Family Issues and Support
This is another leading factor to men having difficulty mentally and emotionally. During tough periods in a person’s life like family instability and divorce, the male partner in a relationship can face emotional struggle due to the lack of support while being ‘alone.’ Like we mentioned earlier, many men rely on their female partners for stability and emotional support. A key factor is the loss of social support and emotional connectivity. For example, one study indicated that 19% of divorced or separated men reported a drop in social support compared to 11% for women. The reason why is because women have more social circles to rely on for support compared to men after a divorce.

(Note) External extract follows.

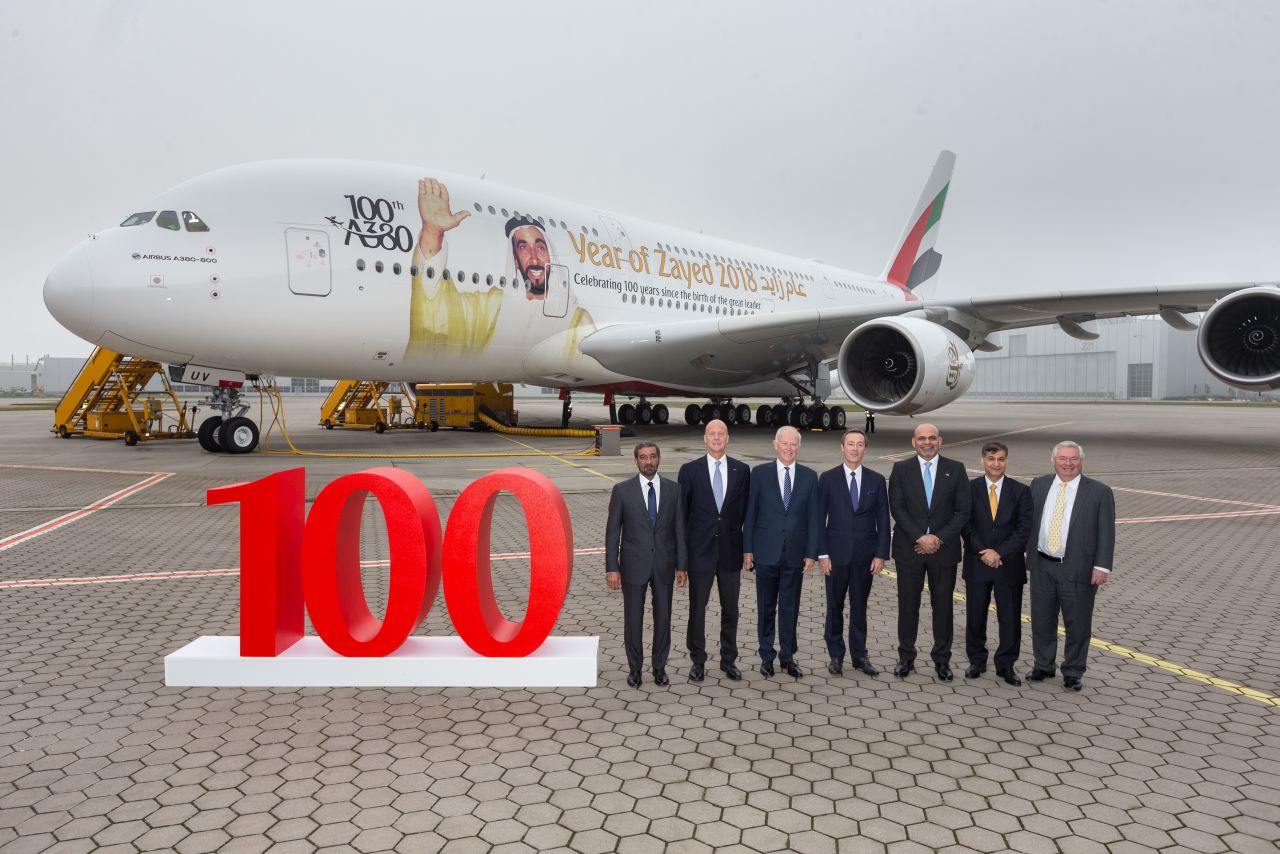 Emirates bekommt seine 100. A380: Im Rahmen einer festlichen Zeremonie feierten hochrangige Vertreter von Emirates und Airbus am 03. November 2017 den Meilenstein am Standort des Flugzeugherstellers in Hamburg.

Now, this can happen anywhere in the world, not just the Western regions. But, with divorce rates (in the USA) at 14.9 divorces per 1,000 marriages, this is a common issue specifically in the Americas.
Cultural Significance in Anthropology
On a concluding note, cultural anthropology is a huge factor in this discussion. It ties into a sociological perspective as well, but I hope you can appreciate the delicate nature of mental health as a cultural phenomenon just as much as a psychological one. It is a topic that relates to many fields of study and can possibly never be truly understood. Every year there are new statistics and studies done, so there is always more to learn and more people to give support to.